Setelah 1.400 orang terbunuh dengan gas sarin yang menyerang syaraf di wilayah yang dikuasai pemberontak di pinggiran Damaskus Agustut tahun lalu, pemerintah Suriah sepakat untuk bergabung dengan Konvensi Senjata Kimia tahun 1998 dan siap bekerja sama untuk memusnahkan senjata mereka, agar selamat dari serangan Amerika.
Sebelum senjata kimia Suriah rampung dimusnahkan, banyak laporan muncul di awal 2014 soal penggunaan klorin, bahan kimia industri yang digunakan untuk memurnikan air di banyak negara, dan dilarang untuk menggunakannya terhadap manusia.
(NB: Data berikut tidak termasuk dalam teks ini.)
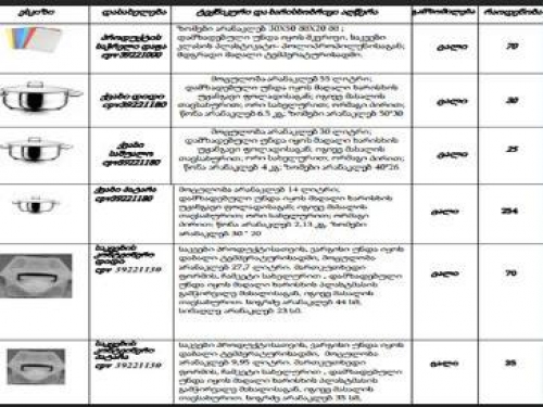 შესყიდვას გეგმავს. ჭურჭლის შესაძენად გაერთიანებამ 19.
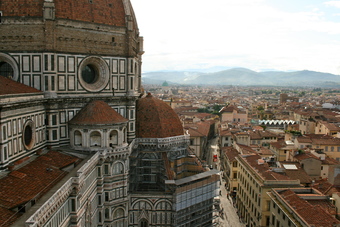 Das Foto gehört zur Serie "Florenz". Es zeigt eine Stadtansicht und links einen Teil vom Dom bzw. der Kathedrale Santa Maria del Fiore. Es gelten die Nutzungsbedingungen der Mediothek und Pixiothek.
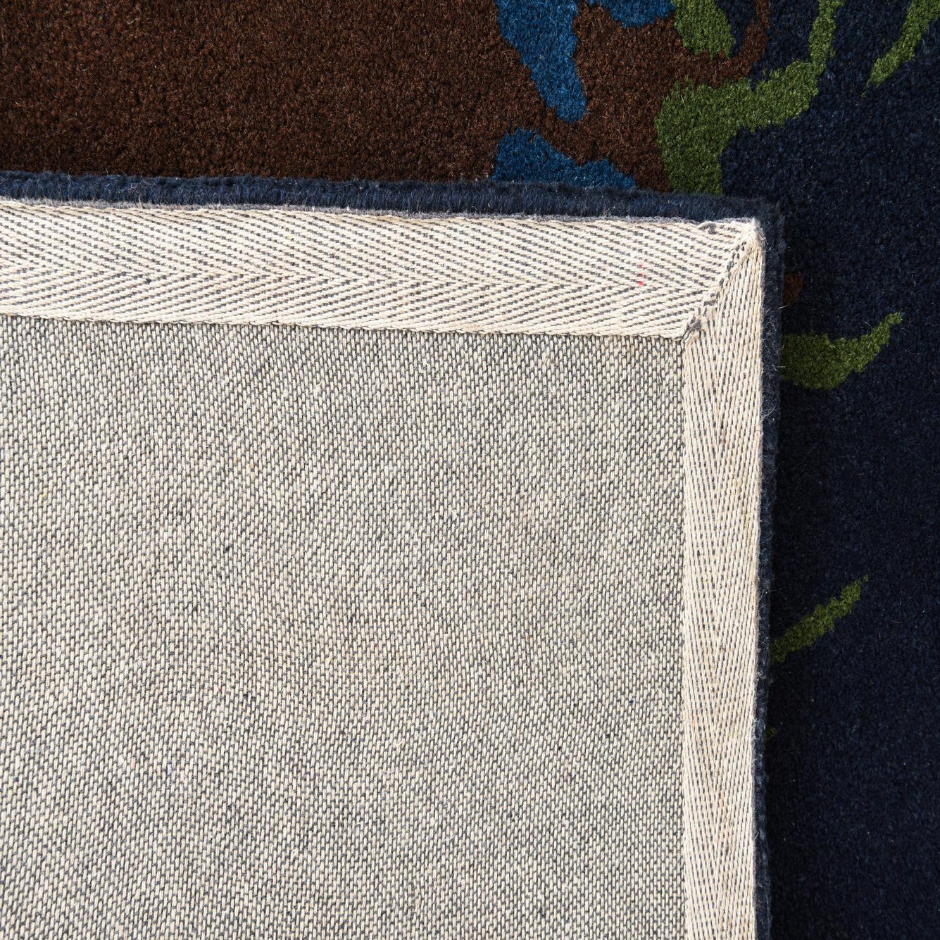 Primary color is Navy Blue. Colors in this rug include: Navy Blue, Green, Brown, Blue.
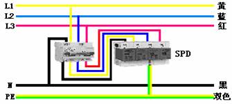 根據(jù)《建筑物防雷設(shè)計(jì)規(guī)范》GB50057-94(2000年版)及《建筑物電子信息系統(tǒng)防雷技術(shù)規(guī)范》GB50343-2004防雷規(guī)范要求,配電系統(tǒng)應(yīng)采用三級(jí)分流,本工程考慮在總配電箱(大樓北面)安裝一級(jí)電源浪涌保護(hù)器,以達(dá)到初步瀉流目的,在四樓分配電進(jìn)線處安裝二級(jí)電源浪涌保護(hù)器,三級(jí)采用精細(xì)保護(hù)的浪涌保護(hù)器若干,一、二級(jí)浪涌保護(hù)器安裝方法如下圖。

Tingkat kematian akibat klorin terhadap warga sipil yang tidak terlindungi, mungkin sangat kecil menurut standar modern saat ini, namun tetap saja bahan kimia ini mengerikan.
Peran Jerman dalam serangan gas di Flanders, Belgia, 100 tahun lalu sangat terang, namun untuk kasus Suriah kali ini PBB masih belum mencapai kesepakatan, atau bahkan secara resmi menyelidiki, kubu mana yang menggunakan senjata kimia di perang saudara Suriah.
Perang kimia secara universal dikriminalkan pada September tahun lalu di bawah Resolusi Dewan Keamanan PBB 2118. Namun memusnahkan atau bahkan menghukum para pengguna senjata kimia adalah masalah diplomatik dan juga hukum, teknis serta militer.
Ternyata, perilaku internasional terhadap pembunuhan dengan senjata kimia masih sama beracunnya seperti tahun 1915.
----
Paul Schulte, Professor di Institut Konflik, Kerja Sama dan Keamanan Universitas Birmingham. Mantan direktur pengendalian dan proliferasi senjata di Kementerian Pertahanan Inggris dan komisaris perlucutan senjata PBB untuk Irak.